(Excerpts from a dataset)
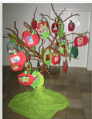
Taufbaum in der Kreuzkirche
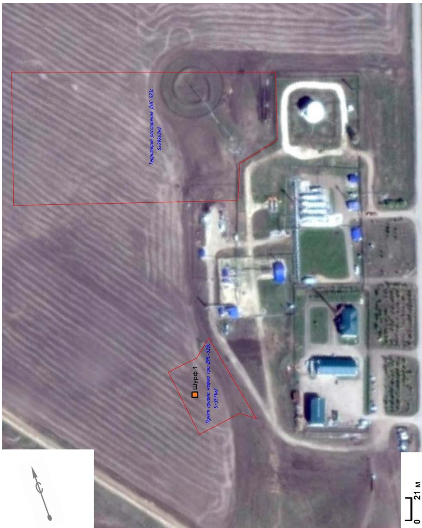
Рис. 3. Земельный участок проектируемого строительства и место расположения археологического шурфа.
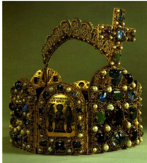
A német-római császári
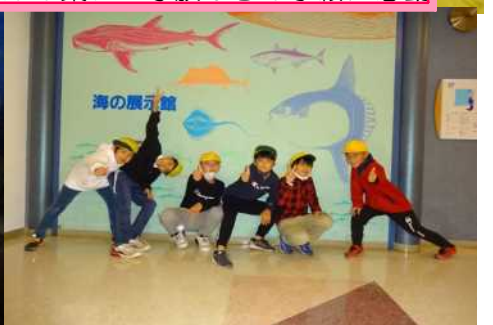
イルカの攻撃体勢
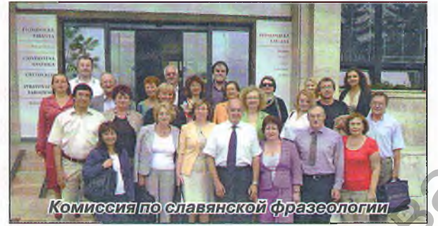
Комиссия по славянской фразеологии
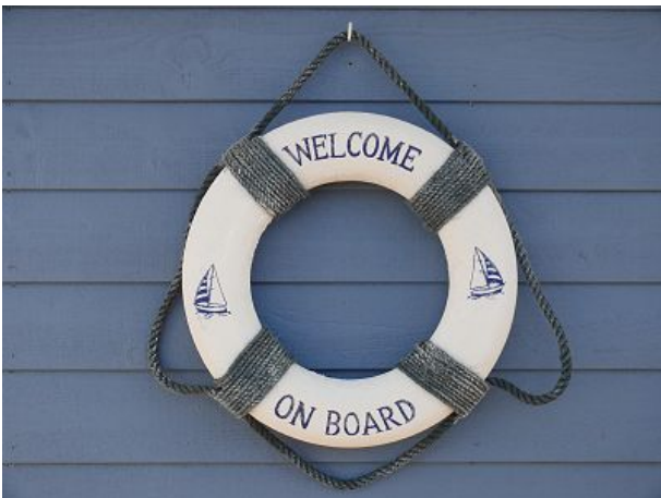
Bosse heißt Sie herzlich willkommen
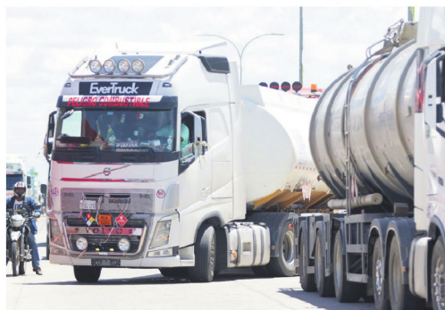
5.000 cisternas están detenidas en los diferentes bloqueos.

las unidades detenidas transportan gasolina y otros combustibles inflamables, lo que incrementa los riesgos de accidentes y derrames. También señaló que algunos conductores tuvieron que ser evacuados por problemas de salud, mientras que las bajas temperaturas agravan las condiciones en varios puntos de bloqueo.
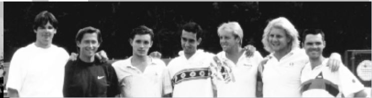
Die Württembergische Vizemeister-Mannschaft
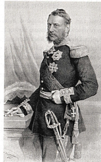
Alexandru Ioan Cuza, litografie de Josef Kriehuber, 1861

1859 În a doua jumătate a secolului al XIX-lea, accentuata decadere a Imperiului Otoman, concomitent cu creșterea apetitului Imperiului Rus de a anexa noi teritorii în drumul său spre Constantinopol, plănuıt de împăratul Petru cel Mare, a deschis și „problema românească”. În vara anului 1853, trupele Rusiei trec Prutul și ocupă principatele române, declarând război Imperiului Otoman. Este începutul conflictului armat cunoscut în istorie ca Războiul Crimeii (1853–1856). În primăvara anului următor are loc, la Viena, conferința internațională ce avea înscrisă pe ordinea de zi viitorul regim politic al Moldovei și al Țării Românești. În timpul lucrărilor, contele Walewski, reprezentantul Franței, se pronunță pentru unirea țărilor române sub un prinț autohton sau străin ereditar. Congresul de pace de la Paris (13/25 februarie–18/30 martie 1856), care punea capăt Războiului Crimeii, reia „chestiunea românească” și propune un set de măsuri pentru rezolvarea ei. Se prevedea convocarea, în Moldova și în Țara Românească, a unor Adunări (Divanuri) ad-hoc pentru a exprima voința poporului, prin aleșii săi din aceste organisme politice, în problema organizării viitoare a celor
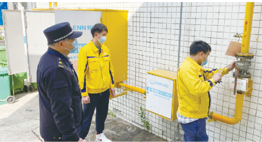
石排城管分局组织对校园燃气管道进行安全检查

里。莞城城管分局的执法人员还对学校周边店铺中存在燃气安全隐患的进行了现场监督整改。 保障学生出行安全方面,考虑到目前上学、放学时段天色较暗,为确保“求学”之路的安全,石排城管对镇内学校的路灯进行了检查维修,照亮学子求学路,杜绝安全隐患。 在整治校园周边环境秩序方面,“城管蓝”加大对校园周边擅自摆摊设点、占道经营、机动车乱停乱放等高发行为的整治力度,做到早发现、早制止、早查处、早取缔,并向周边商户做好“门前三包”宣传工作,引导商户文明经营,共同做到“扫干净,摆整齐”,维护良好的市容环境。行动期间,莞城城管分局共出动执法力量 46 人次、23 车次,对街道内 4 所学校的周边店铺进行巡查管理。对巡查发现的占道经营、乱摆卖的店铺当事人进行了法规教育,并责令其现场整改完成。巡查中,共整改教育城市“六乱”行为 65 宗、店铺占道经营
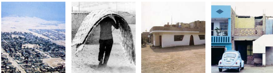
Villa El Salvador, Lima

Het meest nadrukkelijk openbaarde dit zich in Villa El Salvador, een grote voorstad van Lima, waar zo'n 400.000 mensen wonen. Mede door gebrek aan financiële middelen heeft de overheid zich daar beperkt tot het uitzetten van een eenvoudige stedenbouwkundige structuur, het aanbieden van openbaar vervoer en de uitgifte van kavels, met elk een aansluiting op water, elektriciteit en riolering. De bewoners kopen een kavel, zetten daar in eerste instantie een rieten huisje op, en bouwen er in de loop der tijd een woning omheen. Iedere keer dat geld beschikbaar komt, kopen zij bouwmaterialen en wordt gestart met een volgende etage. Soms wordt woonruimte omgezet in werkruimte, soms andersom. De woningen worden gedecoreerd, en er komen tuintjes in wat voorheen woestijn was. Het is een schrijnende constatering, maar feit is dat de kwaliteit van Villa El Salvador hoger is dan veel van onze VINEX-locaties. Met verbazing heb ik gezien hoe arme mensen - in een arme stad in een arm land - grotere woningen bouwen dan wij in Nederlandse VINEX-wijken doen, en een enorme diversiteit weten te creëren. Als het bezoek aan Villa El Salvador mij iets heeft geleerd, is het dat wij onze ruimtelijke ordening niet minutieus van bovenaf moeten plannen. Stedenbouw moet dienstbaar zijn aan de zelfkracht van burgers; zij maken de stad.
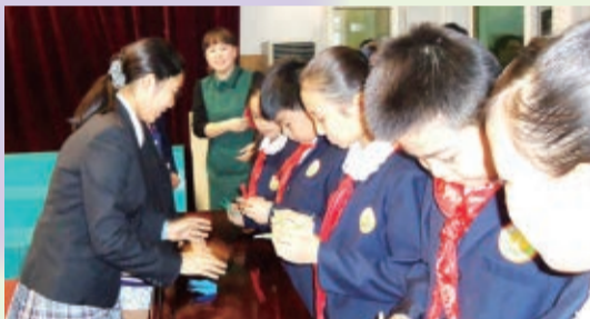
10月22日、中国・西安市で友好都市提携20周年を祝う式典が行われ、子どもたちも交流を深めました。
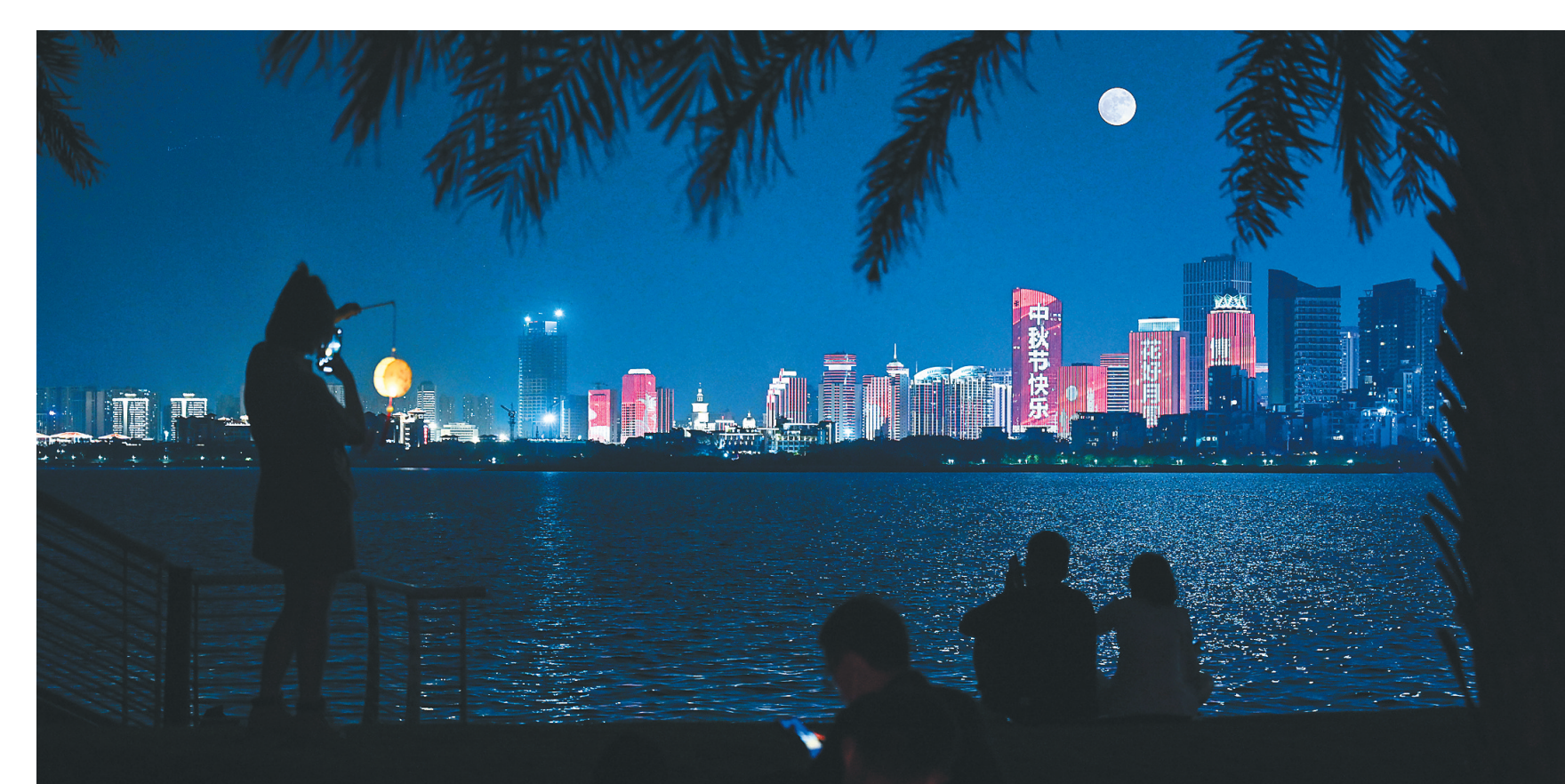
9月10日,海口市丽晶路,市民们相约在海边赏月过中秋。(二次曝光拍摄)

“下次来三亚时,我带你们去看日出日落”,这句话成了黎叔留给大家最真挚的承诺。(本报三亚9月10日电)
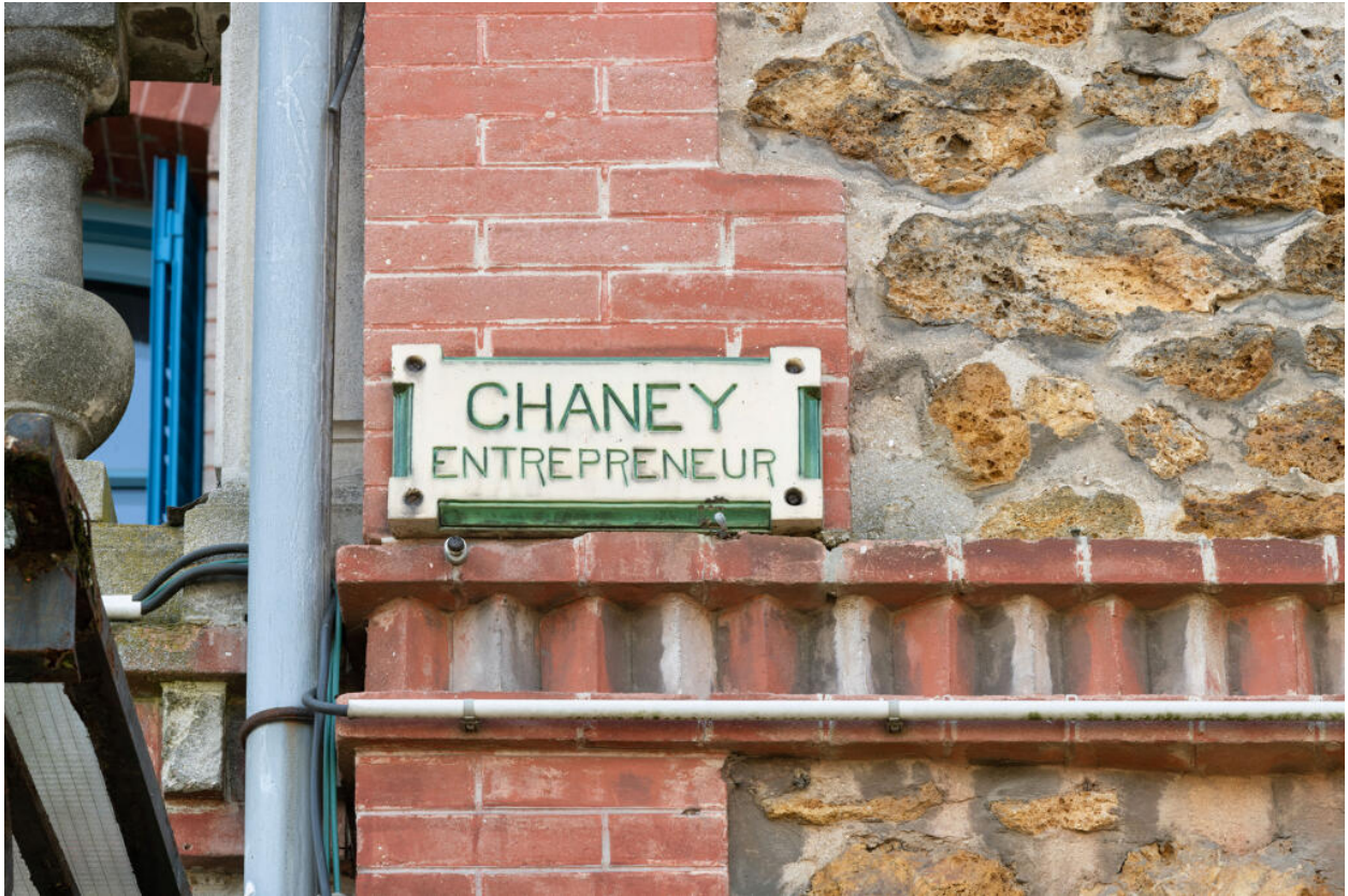
Corps latéral droit, plaque émaillée au nom de l'entrepreneur en maçonnerie, Chaney.
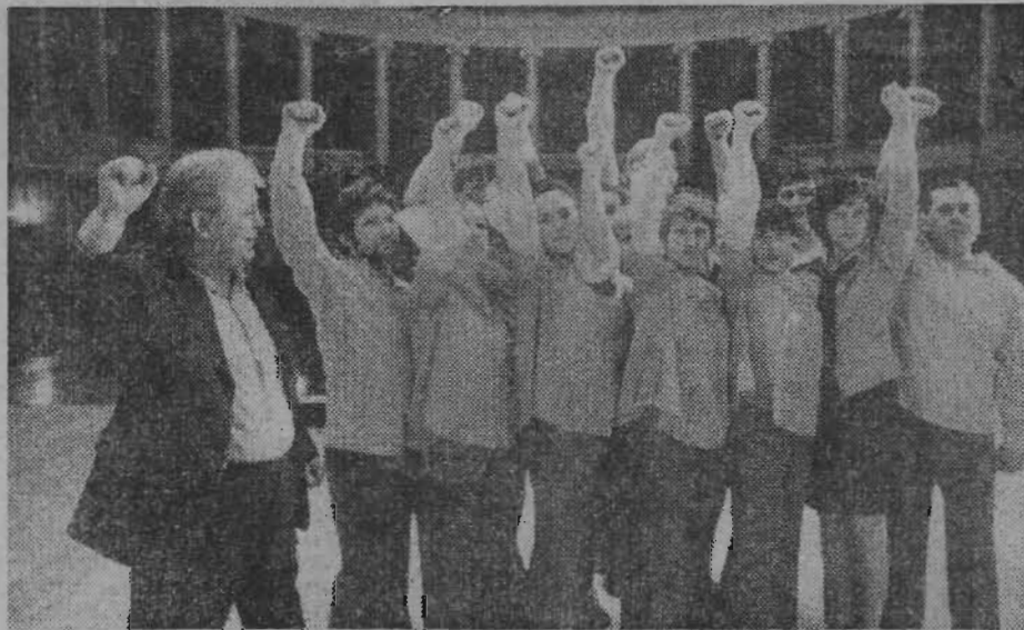
сем недавно совмещал эту работу с основной — на заводе, а сейчас целиком отдал себя художественной самодельности. Он сумел сплотить стабильный коллектив, вооружил его

Агитбригада Дворца культуры алюминщиков с полным значением именем «Кузнечные задирь» широко известна не только на своем предприятии — алюминиевом заводе и не только в Новокузнецке. Слава этого народного коллектива давно шагнула за пределы Кузбасса. Он принимал участие в зональных смотрах, несколько раз с творческим отчетом выступал перед строителями БАМа.
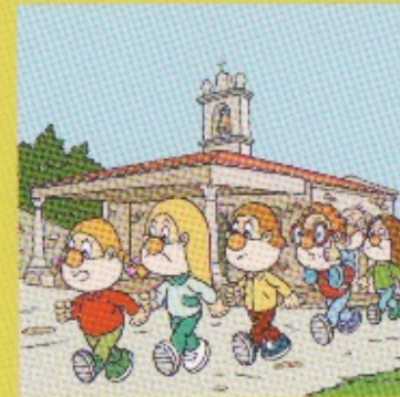
Capela das Cabezas. Raxó.
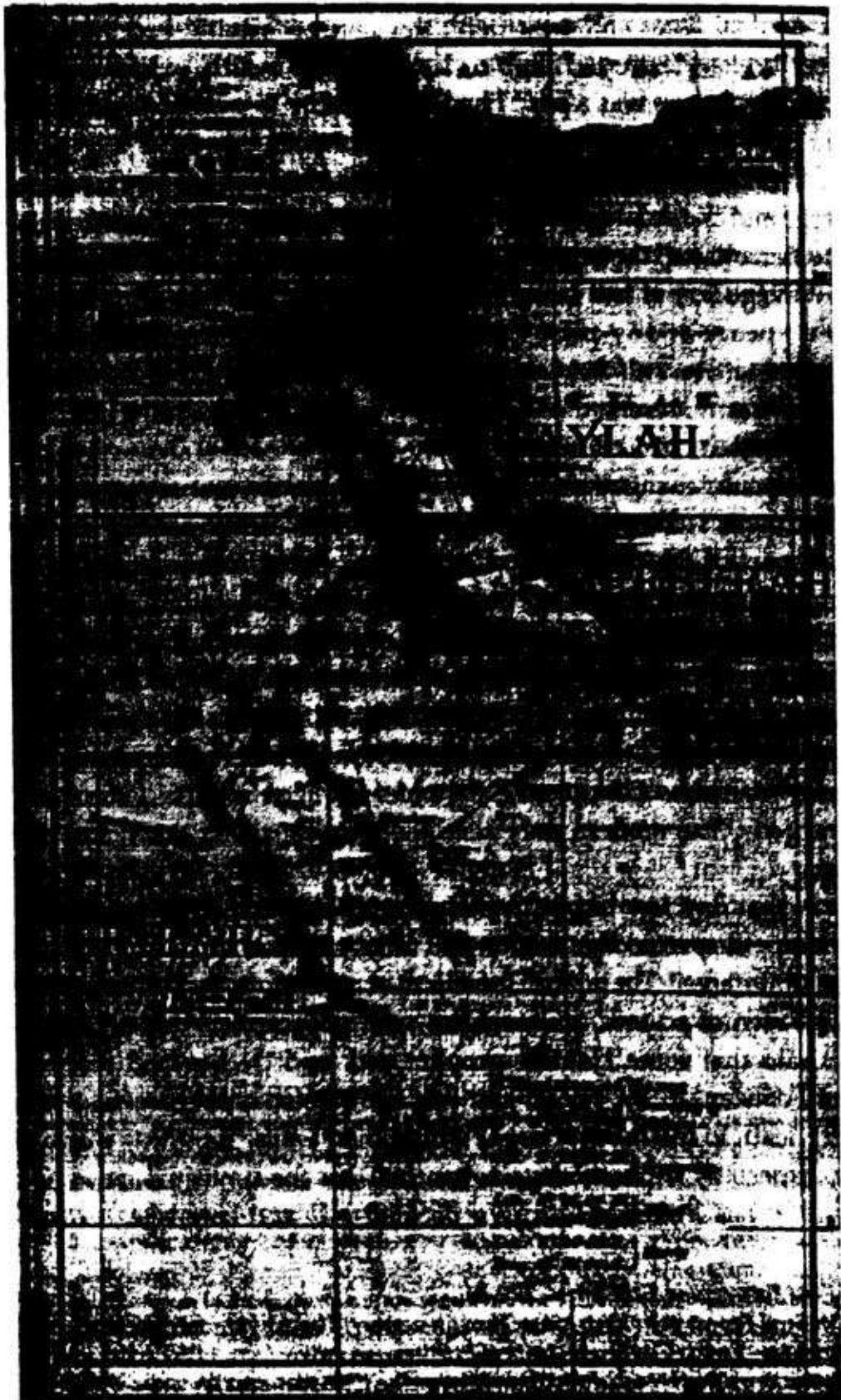
La ruta a Harar.
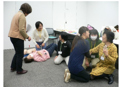
講座 7 でのワーク

今後 2 月に 2 講座、3 月には安全講習会があります。ご参加をお待ちしています。
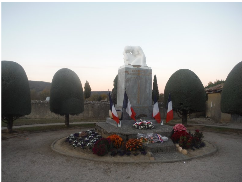
monument aux morts de Laroque d'Olmes (Vue de face)
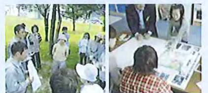
市民参加による公園整備検討の様子

この事業は、地域住民の要望を広く取り入れた住民参加型が特徴で、地域に密着した、住民に親しまれる公園づくりを目指しています。
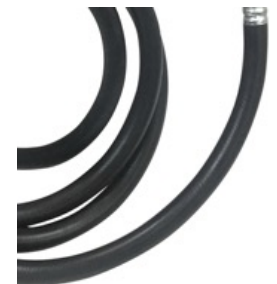
OPTIE 6 METER SLANG OPTION 6 METER HOSE
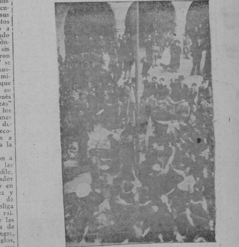
Las Juventudes en el patio del Castillo de Bellver al izar la bandera
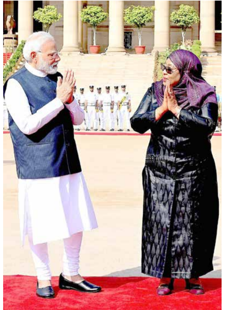
Rais wa Jamhuri ya Muungano wa Tanzania Dk. Samia Suluhu Hassan, akiagana na Waziri Mkuu wa India, Narendra Modi baada ya mapokezi katika Ikulu ya India Oktoba 9, 2023.

Tanzania imekuwa pia ikipata misaada inayoelekezwa katika miradi ya kijamii kama vile uboreshaji wa sekta ya afya na elimu, na ujenzi wa miundombinu muhimu.
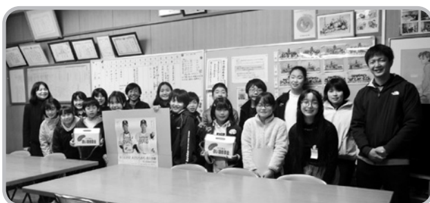
小郡小学校の皆さん

共栄資源管理センター小郡 小郡スイミングスクール 小郡校 三国校 みんなのかえるランド フラワービギン テンガイ For you サロンヘア・ドゥ 髪工房らびっと 理容つかさ きぼうの家 小郡大刀洗広域 シルバー人材センター 九州歴史資料館 三井消防署 三井水道企業団 埋蔵文化財調査センター 小郡交流センター ポピーの里あじさか館 稲穂の里みはら館 緑の里くろつち会館 のぞみがおか生楽館 ふれあい館三国 ひまわり館東野 大原きぼうの森館 大崎教育集会所 二夕集会所 下岩田市民館 大原リバティセンター 小郡市野球場 小郡市役所 あすてらす総合受付 社会福祉協議会 受付窓口 ボランティア情報センター 福祉バス

◆ ABOUT THIS EXERCISE:
Search the lines above for the string "Tanzania", then show every one that has it.

◆ ANSWER FOR THE TASK:
Rais wa Jamhuri ya Muungano wa Tanzania Dk. Samia Suluhu Hassan, akiagana na Waziri Mkuu wa India, Narendra Modi baada ya mapokezi katika Ikulu ya India Oktoba 9, 2023.
Tanzania imekuwa pia ikipata misaada inayoelekezwa katika miradi ya kijamii kama vile uboreshaji wa sekta ya afya na elimu, na ujenzi wa miundombinu muhimu.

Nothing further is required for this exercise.